Evidence found for climate-driven ecological shifts
in North Atlantic, says Cornell study

ITHACA, N.Y. – While Earth has experienced numerous changes in
climate over the past 65 million years, recent decades have
experienced the most significant climate change since the beginning
of human civilized societies about 5,000 years ago, says a new
Cornell University study.

The paleo-climate record shows very rapid periods of cooling in the
past, when temperatures have dropped by as much as 18 degrees
Fahrenheit (10 degrees Celsius) in a matter of years to decades, “the
rate of warming we are seeing [now] is unprecedented in human
history,” said Cornell oceanographer Charles Greene, the lead author
of the paper appearing in the latest issue (November 2008) of the
journal Ecology, which is published by the Ecological Society of
America.

During the past 50 years, melting Arctic ice sheets and glaciers have
periodically released cold, low-salinity slugs of water from the
Arctic Ocean into the North Atlantic.
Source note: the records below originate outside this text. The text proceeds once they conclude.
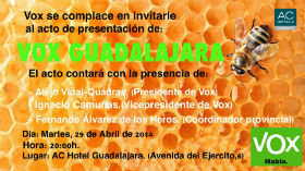 El próximo martes 29 de Abril a las 20:00h. se celebrará el acto de presentación de Vox Guadalajara. Será un acto encabezado por Alejo- Vidal-Quadras que también contará con las intervenciones de otros miembros del Comité ejecutivo provisional de Vox; y la participación de Fernando Álvarez de los Heros, coordinador provincial provisional de Vox en Guadalajara. SIGUE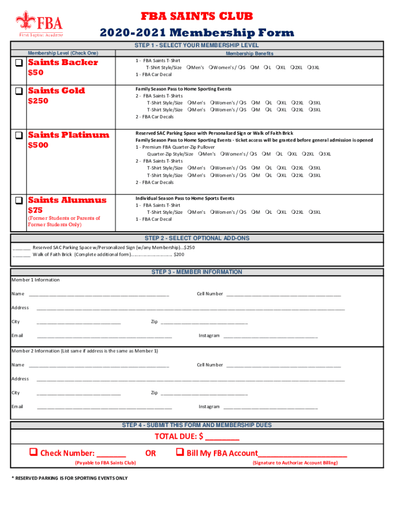 FBA SAINTS CLUB 20202021 Membership Form STEP 1 SELECT YOUR MEMBERSHIP LEVEL (Check One)Membership Benefits Saints Backer1 FBA Saints Shirt Style/Size men's women's / ms mm mL Mel m2XL m3XL 1 FBA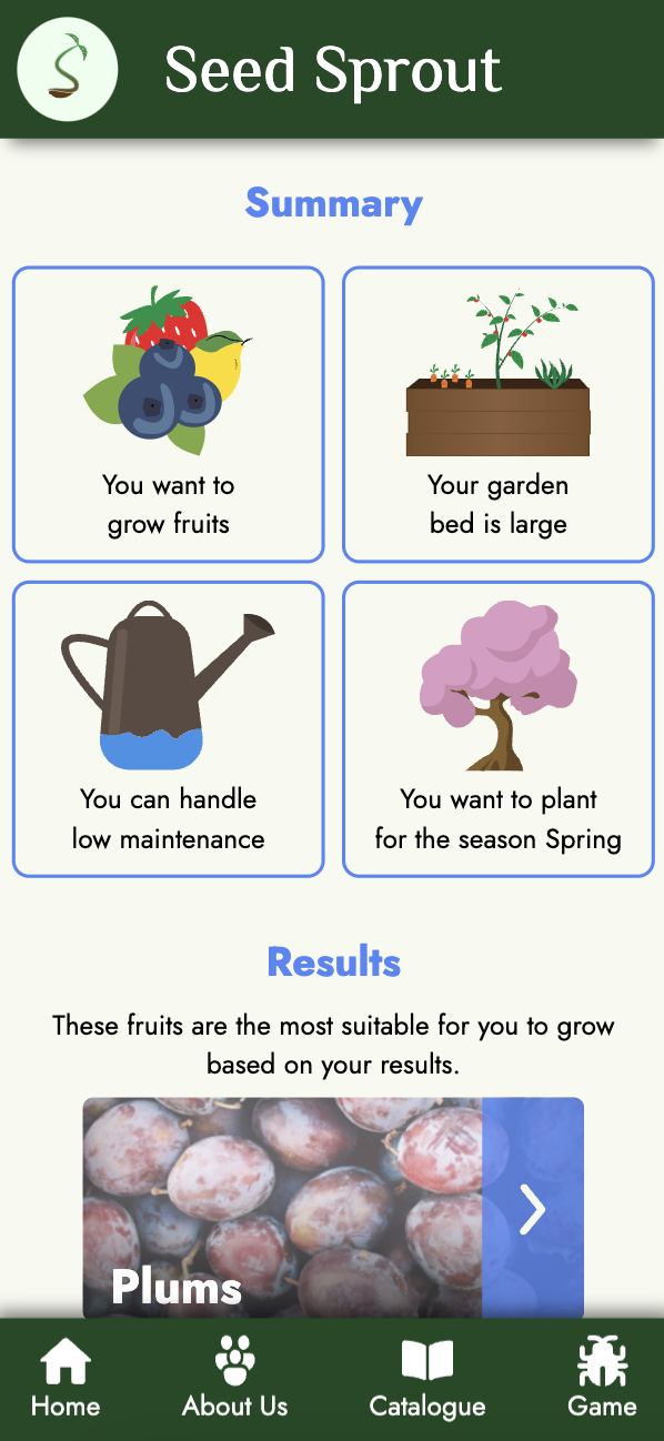 The web app elevates learning to an interactive level, where you can take quizzes to find out what produce you can grow depending on your conditions, play a game that helps identify pests, or casually read upon a certain fruit or vegetable!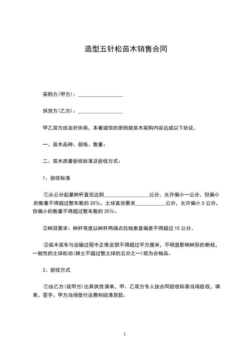一、根据乙方的需要,甲方组织保质保量的货源,由乙方在场地内自由选购发育正常的树苗,达到乙方满意。乙方购买______________(______________)株,______________(______________)株。(_____________________每株______________元,______________每株______________元)树苗共计_____________________元整。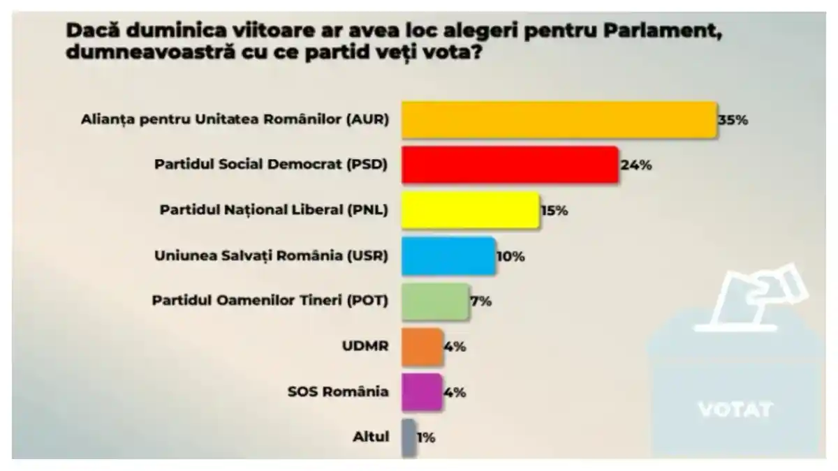 - 35% Alianța pentru Unitatea Românilor (AUR)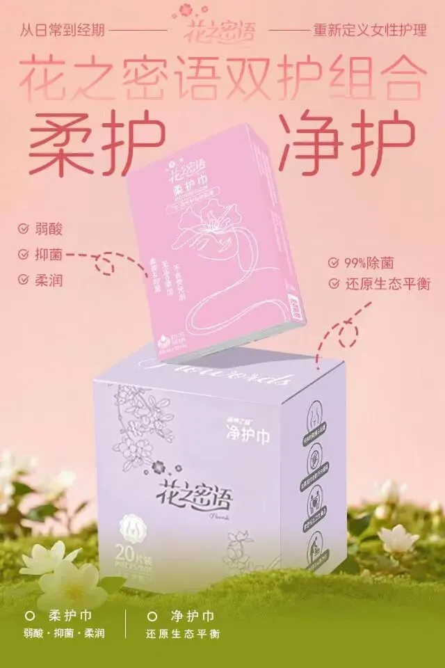 花之密语健康生活管理专家温馨提示:女神的每一天,都值得被用心呵护。日常有柔护巾的细腻陪伴,经期有净护巾的坚实守护,花之密语双护组合,以科学温和的方式,守护你的每一刻自在。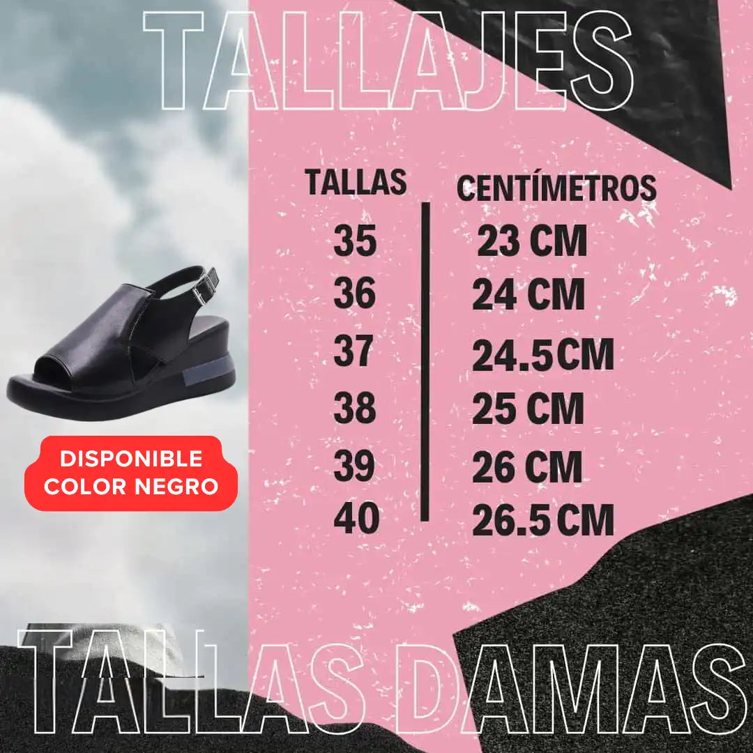 Las sandalias tiene una correa elástica ajustable. Se adapta a la perfección al tobillo. Y también, el empeine es algo elástico, así que vale para pie ancho o delgado. Apta para cualquier edad.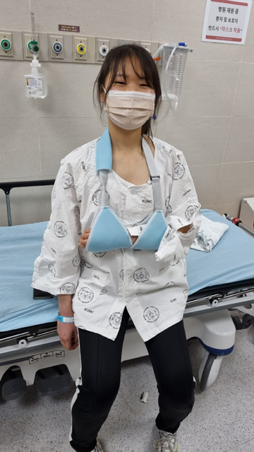 입학하자 말자 고대 여자축구부에 들어가겠다는 포부를 가지고 FC 엘리제 트라이아웃에 참가했던 시은이는 연습 경기에서 태클에 걸려 넘어지면서 왼쪽 쇄골골절을 입었습니다.

This has led to dramatic
ecosystem shifts as far south as North Carolina and extensive
geographic range shifts of many plant and animal species. One
microscopic algal species from the Pacific Ocean, not seen in the
North Atlantic for over 800,000 years, has successfully crossed over
the Arctic Ocean and reinvaded the North Atlantic during the past
decade.

By reviewing climate changes in the past, the researchers were able
to more clearly observe how this influx of fresher water has led to
changes in ecosystems as well as the geographic distributions of
species, said Greene.

Interestingly, the study reports findings counter to the expectations
of most ecologists: that the distributions of southern species will
move northward and those of northern species will retreat as the
climate warms. Instead, as colder, fresher Arctic waters flow south
along the Northwest Atlantic shelf, from the Labrador Sea south of
Greenland all the way to North Carolina, the distributions of many
northern species have actually moved southward, said Greene.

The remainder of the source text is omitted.